The assistant's reasoning follows a clear pattern: API creation → integration identification → code reading → edit. This is a disciplined, methodical approach to optimization. The assistant does not assume they remember the file structure from earlier exploration — they re-read the file to ensure accuracy.

The choice to read supraseal.rs specifically (rather than grepping for ProvingAssignment::new) shows an understanding of the codebase's organization. The assistant knows that the CUDA synthesis path is separate from the native path (guarded by #[cfg(feature = "cuda-supraseal")]), and that the relevant code lives in the supraseal module. This is not a random search — it is targeted reading informed by architectural knowledge.

The phrase "The key is in supraseal.rs synthesize_circuits_batch" reveals confidence in this architectural understanding. The assistant has already mapped the call chain from the daemon through cuzk-core into bellperson, and knows that synthesize_circuits_batch is the entry point for batch synthesis in the GPU proving path.

The Irony of the Regression

There is a poignant irony in this message that only becomes apparent later in the conversation. The assistant's careful, methodical approach to implementing A2 — reading the file, understanding the integration point, and making a precise edit — leads to an optimization that regresses performance. The pre-sizing allocation of 328 GiB causes page-fault storms that increase synthesis time from 54.7s to 61.6s (<msg id=...>, later in the segment).

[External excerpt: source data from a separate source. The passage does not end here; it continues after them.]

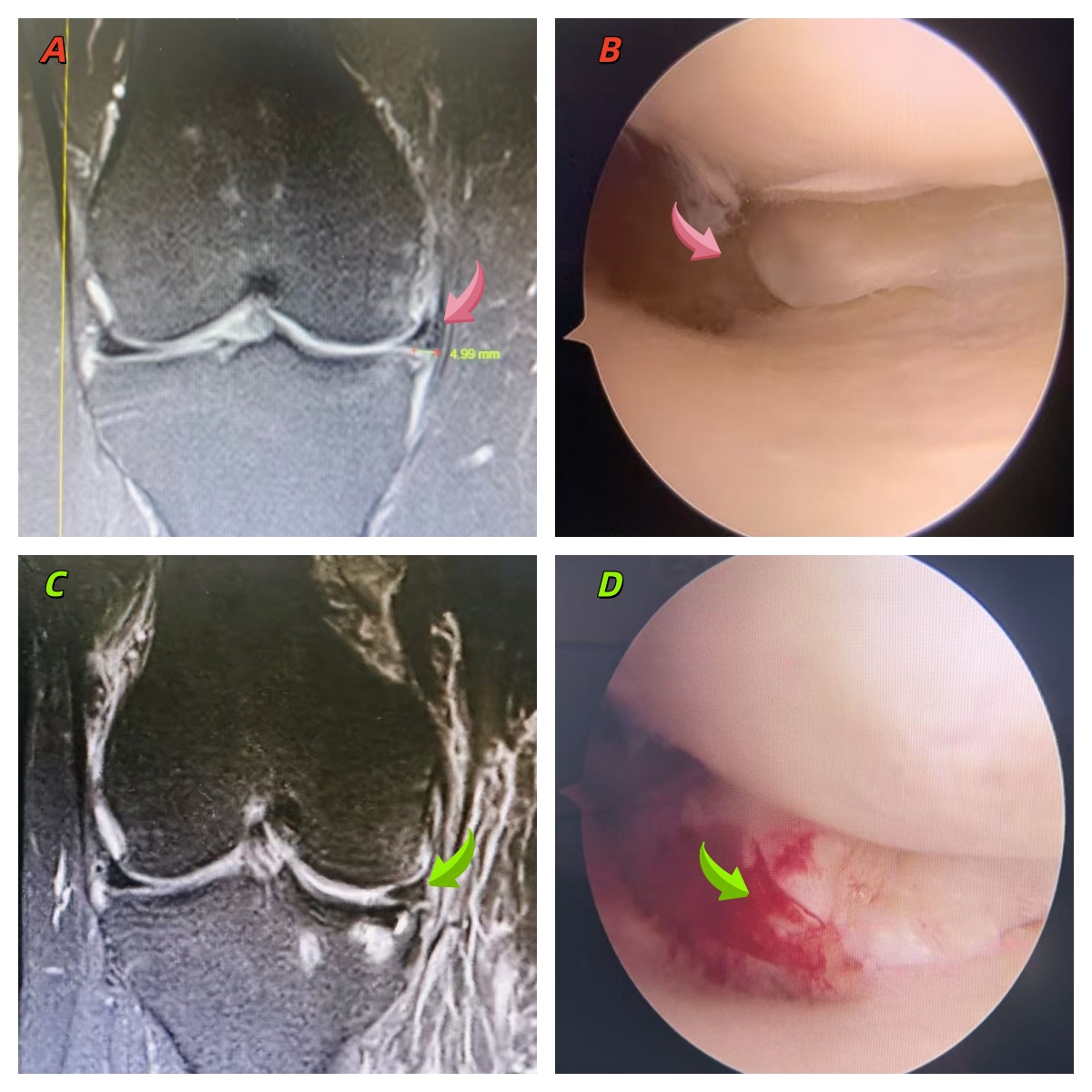 图A 术前MR 箭头示右膝内侧半月板明显被挤出移位约5mm,图B 箭头示半月板根部撕裂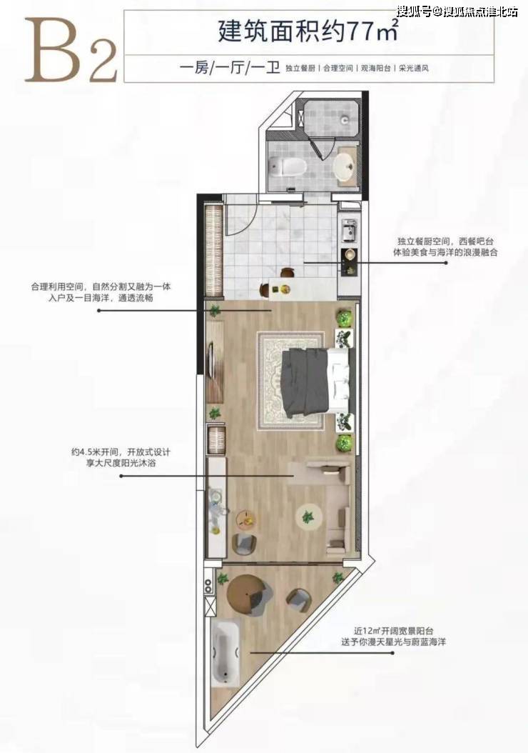B2户型约77平方米 一房一卫: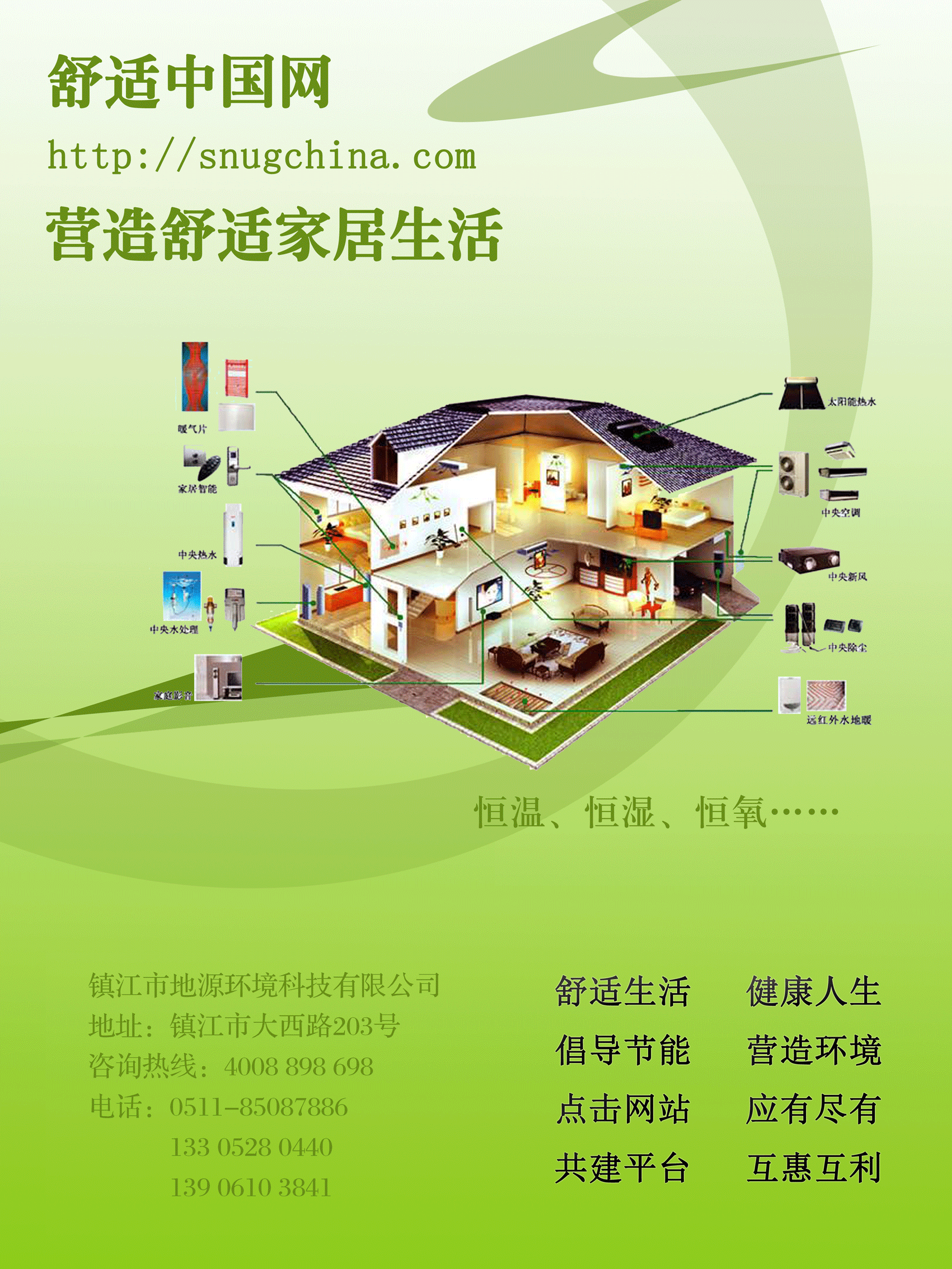 —舒适中国网是国内领先的室内舒适环境系统集成服务商,致力于为人类提供舒适、健康、现代的家居生活,以电子商务平台为用户提供中央空调、地源热泵、家庭采暖、新风系统、中央除尘、中央净水、中央热水、太阳能、智能家居等舒适家居系统集成解决方案;同时在能源领域进行技术研发、应用、数据处理、系统集成和安装施工,提供绿色建筑节 能系统配套服务和节能服务。

This does not mean the message was wasted. The assistant reverts the A2 usage while keeping the API available, and the read itself was necessary to make that determination. The knowledge gained from reading supraseal.rs — understanding the synthesis loop structure, the relationship between circuits and assignments, and the data flow — is durable knowledge that informs future optimizations.

Conclusion

Message 804 is a textbook example of the "read before edit" pattern in AI-assisted coding. It is the moment where an optimization transitions from concept to implementation, from API design to integration. The assistant's decision to read supraseal.rs rather than guess at its contents reflects a disciplined approach to code modification — one that prioritizes accuracy over speed. Even though the A2 optimization ultimately regresses performance, the read itself was necessary and correct. The knowledge gained from this message — the exact structure of synthesize_circuits_batch, the location of ProvingAssignment construction, and the data flow of the synthesis pipeline — is essential context for all subsequent Phase 4 work. In the story of this optimization session, message 804 is the quiet pivot point where theory meets practice.